══ Data provided ══
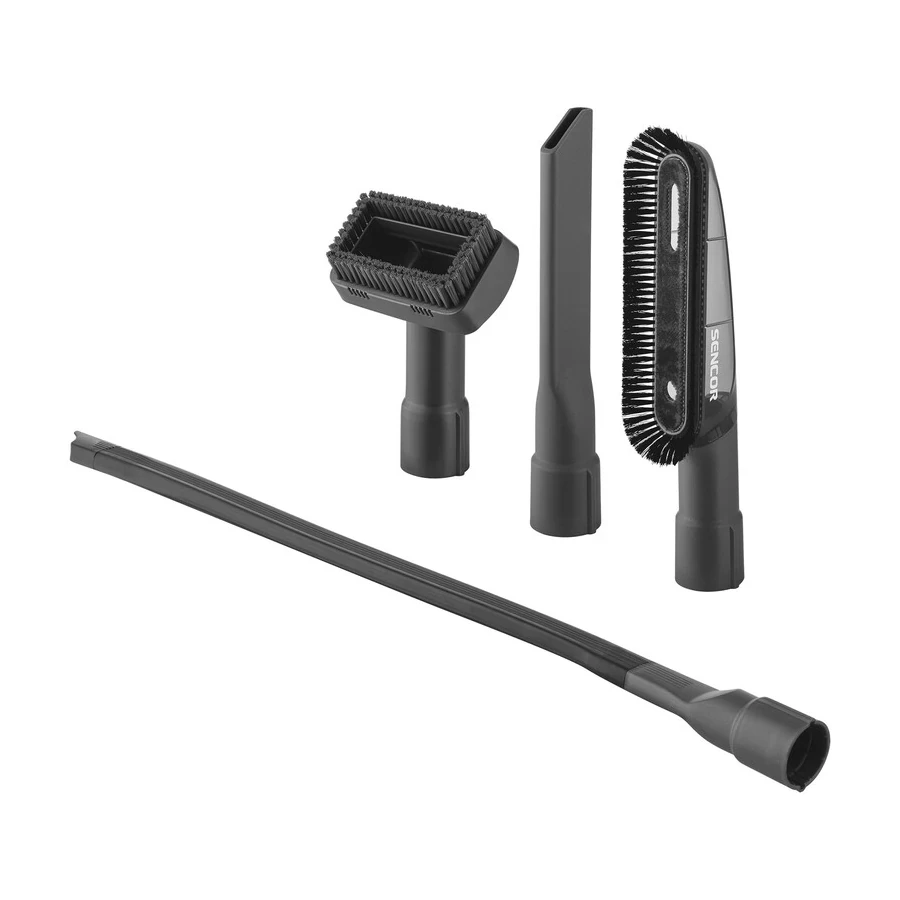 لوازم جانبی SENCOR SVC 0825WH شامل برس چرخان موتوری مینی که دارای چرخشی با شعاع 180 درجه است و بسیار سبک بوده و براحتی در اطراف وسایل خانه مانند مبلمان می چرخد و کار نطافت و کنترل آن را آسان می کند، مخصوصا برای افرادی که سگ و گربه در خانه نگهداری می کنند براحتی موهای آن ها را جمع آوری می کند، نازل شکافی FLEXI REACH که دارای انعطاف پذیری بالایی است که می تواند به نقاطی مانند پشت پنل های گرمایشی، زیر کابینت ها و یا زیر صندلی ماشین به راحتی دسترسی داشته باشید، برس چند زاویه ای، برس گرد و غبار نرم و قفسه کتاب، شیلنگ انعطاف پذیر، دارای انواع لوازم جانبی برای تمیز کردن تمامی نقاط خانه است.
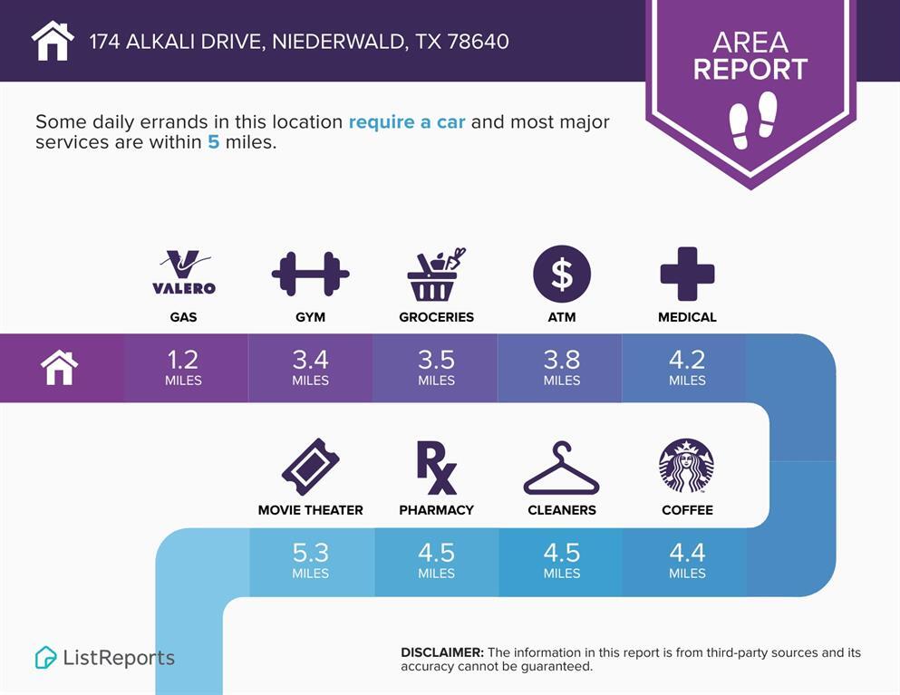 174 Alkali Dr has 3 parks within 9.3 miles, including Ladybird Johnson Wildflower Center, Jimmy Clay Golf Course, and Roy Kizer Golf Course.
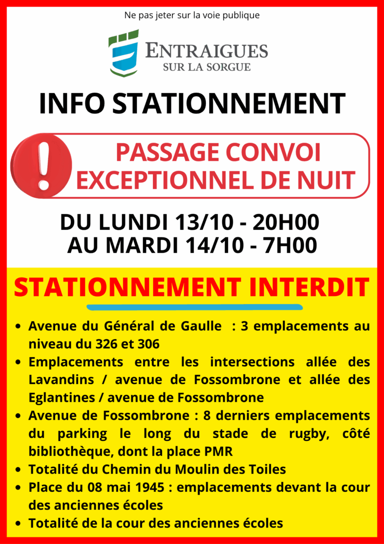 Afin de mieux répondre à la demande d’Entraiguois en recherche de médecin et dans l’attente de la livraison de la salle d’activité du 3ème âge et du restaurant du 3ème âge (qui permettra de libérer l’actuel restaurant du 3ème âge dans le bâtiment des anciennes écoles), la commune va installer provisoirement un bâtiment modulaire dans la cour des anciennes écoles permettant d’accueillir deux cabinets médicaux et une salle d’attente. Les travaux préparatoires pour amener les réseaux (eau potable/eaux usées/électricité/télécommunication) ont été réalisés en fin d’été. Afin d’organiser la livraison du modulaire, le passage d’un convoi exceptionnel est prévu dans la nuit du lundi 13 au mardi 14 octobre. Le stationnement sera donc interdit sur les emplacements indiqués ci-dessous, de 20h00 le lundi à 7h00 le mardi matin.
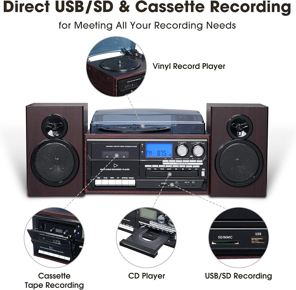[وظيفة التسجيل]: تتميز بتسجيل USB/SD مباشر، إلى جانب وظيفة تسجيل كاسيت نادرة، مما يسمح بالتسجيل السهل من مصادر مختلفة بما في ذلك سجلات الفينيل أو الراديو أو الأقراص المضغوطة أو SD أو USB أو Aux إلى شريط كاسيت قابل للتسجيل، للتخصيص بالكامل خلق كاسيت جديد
═══
══ Data provided ══
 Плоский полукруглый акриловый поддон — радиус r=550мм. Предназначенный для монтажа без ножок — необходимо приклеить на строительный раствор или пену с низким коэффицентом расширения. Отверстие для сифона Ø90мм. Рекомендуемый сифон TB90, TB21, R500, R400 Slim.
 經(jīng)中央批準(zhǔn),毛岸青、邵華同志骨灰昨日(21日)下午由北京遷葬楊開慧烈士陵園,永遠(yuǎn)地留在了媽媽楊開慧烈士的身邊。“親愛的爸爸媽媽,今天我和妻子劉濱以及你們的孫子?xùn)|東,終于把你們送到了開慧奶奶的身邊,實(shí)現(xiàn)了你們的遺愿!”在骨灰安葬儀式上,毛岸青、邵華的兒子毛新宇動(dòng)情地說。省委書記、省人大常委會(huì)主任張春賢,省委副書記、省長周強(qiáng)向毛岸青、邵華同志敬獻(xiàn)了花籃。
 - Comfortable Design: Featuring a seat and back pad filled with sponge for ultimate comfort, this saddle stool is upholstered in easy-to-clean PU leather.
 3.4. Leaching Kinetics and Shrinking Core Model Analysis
═══
══ Data provided ══
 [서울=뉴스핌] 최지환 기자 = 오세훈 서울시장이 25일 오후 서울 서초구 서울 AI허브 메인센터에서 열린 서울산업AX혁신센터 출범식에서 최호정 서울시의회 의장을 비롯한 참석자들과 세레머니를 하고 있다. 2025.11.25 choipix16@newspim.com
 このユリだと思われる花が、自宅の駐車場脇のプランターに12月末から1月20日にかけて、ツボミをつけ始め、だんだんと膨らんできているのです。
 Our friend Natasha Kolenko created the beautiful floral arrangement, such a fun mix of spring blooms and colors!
═══
What you need to do: Copy word for word only the lines above from the one with "لوازم جانبی SENCOR" through the one with "174 Alkali Dr". Leave pictures out.

Exercise output:
 لوازم جانبی SENCOR SVC 0825WH شامل برس چرخان موتوری مینی که دارای چرخشی با شعاع 180 درجه است و بسیار سبک بوده و براحتی در اطراف وسایل خانه مانند مبلمان می چرخد و کار نطافت و کنترل آن را آسان می کند، مخصوصا برای افرادی که سگ و گربه در خانه نگهداری می کنند براحتی موهای آن ها را جمع آوری می کند، نازل شکافی FLEXI REACH که دارای انعطاف پذیری بالایی است که می تواند به نقاطی مانند پشت پنل های گرمایشی، زیر کابینت ها و یا زیر صندلی ماشین به راحتی دسترسی داشته باشید، برس چند زاویه ای، برس گرد و غبار نرم و قفسه کتاب، شیلنگ انعطاف پذیر، دارای انواع لوازم جانبی برای تمیز کردن تمامی نقاط خانه است.
 174 Alkali Dr has 3 parks within 9.3 miles, including Ladybird Johnson Wildflower Center, Jimmy Clay Golf Course, and Roy Kizer Golf Course.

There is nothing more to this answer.